- Netflix release poster
- Spanish: No Negociable
- Directed by: Juan Taratuto
- Written by: Julieta Steinberg; Joe Rendón; Daniel Cuparo; Marcelo Birmajer;
- Produced by: Felicitas Arce; Alejandra Cárdenas; Alejandro De Grazia; Cristian Sessa;
- Starring: Mauricio Ochmann; Leonardo Ortizgris; Tato Alexander;
- Cinematography: Alejandro Martínez
- Edited by: Pablo Barbieri Carrera
- Music by: Pablo Borghi
- Production companies: Sin Sentido Films Tiger House Production Company
- Distributed by: Netflix
- Release date: 26 July 2024;
- Running time: 87 minutes
- Country: Mexico
- Language: Spanish

= Non Negotiable =

Non Negotiable (No Negociable) is a 2024 Mexican action comedy thriller film directed by Juan Taratuto. The film stars Mauricio Ochmann, Leonardo Ortizgris and Tato Alexander. It was released on Netflix on 26 July 2024.

== Plot ==

Alan helps with a negotiation of a man with a gun holding his mother-in-law hostage. He gets home late and hears his wife Victoria complain about losing her license as a psychiatrist because of patient confidentiality.

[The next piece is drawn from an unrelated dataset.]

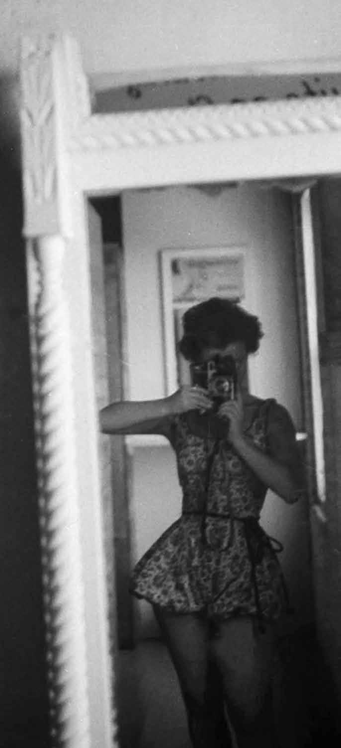 Yoking together Als’ suggestion of a constant, unfinished interrogation of self, and Marcus’s own insistence of the primacy of our gazes in ascertaining knowledge, we can see a choreography of making and unmaking, of looking and being looked upon, and of radical self construction and deconstruction. In Self Portrait with Tights 1959, (p. 19), for example, Marcus resembles a harlequin or dancer. Save for a mere turn of the face, Marcus’s body, clad in only a belted turtleneck and tights, appears frozen, as if gesturing forward. Yet, her eyes return the

The Mexican President is traveling by car, and tells his wife he can't make it to supper. He enters his mistress's apartment to find her tied up - and a gun to her head by the kidnapper.

Alan and Victoria go to counseling, where she admits to sleeping with her personal trainer Nico. Alan receives a call saying it's a "Code Pig", involving the President.

Police meanwhile evacuate all residents of the apartment complex saying it's a gas leak. Kidnapper calls and asks to speak to Alan only. He demands 30 million pesos in 30 minutes. He interrogates the President about broken promises during his tenure. Every time the kidnapper gets an unsatisfactory answer, he presses a button to shock the president.

Alan finally figures it out: the kidnapper is Vicente, who was a police shooter, and inadvertently shot a kidnapper with a grenade, killing a bus of hostages. Spent time in jail, blamed Alan. The person who signed the order to put Vicente in jail was the president. A video surfaces of Vicente's wife being sick with no healthcare and later dies.

Vicente requests a polygraph and records a video with president admitting to moving millions of dollars illegally. Vicente allows for a hostage release, which is Nico, who tells Alan that he was mugged and kidnapped. But Alan and Carrasco subdue Nico and find no injuries on his body - indicating that he is with the kidnappers. They also find the video of the President on his person.

Alan takes the help of his friend Charlie and enters the apartment where the President is held hostage and exchanges himself for his wife. He shows the video to Vicente and says he can make it go viral. Before Police enter, Vicente strikes a deal with the President - a year and a half in jail for releasing him.

Aftermath is that the video goes viral with 370 million views. Mexico chooses a new Interim president and there is social unrest.

Alan and Victoria are now together and give a talk on how marriage is not a hostage situation. Vicente, now a celebrity, calls Alan, saying the two of them could make a big difference for the country.

== Cast ==
- Mauricio Ochmann as Alan Bender, Hostage Negotiator
- Leonardo Ortizgris as Vicente Zambrano
- Tato Alexander as Victoria Bender, wife of Alan
- Enoc Leaño as President of Mexico Francisco Araiza
- Claudette Maillé as Commander Carrasco
- Cristina Michaus as Secretary of the Interior Regina Bastón
- Gonzalo Vega Jr. as Nico
- Fernanda Borches – Pamela Lobatón
- Itza Sodi – Menendez

== Reception ==
 JK Sooja of Common Sense Media awarded the film 2/5 stars. Juan Pablo Russo of EscribiendoCine rated the film 6/10. Tatat Bunnag of Bangkok Post, John Serba of Decider and Subhash K. Jha of Times Now reviewed the film.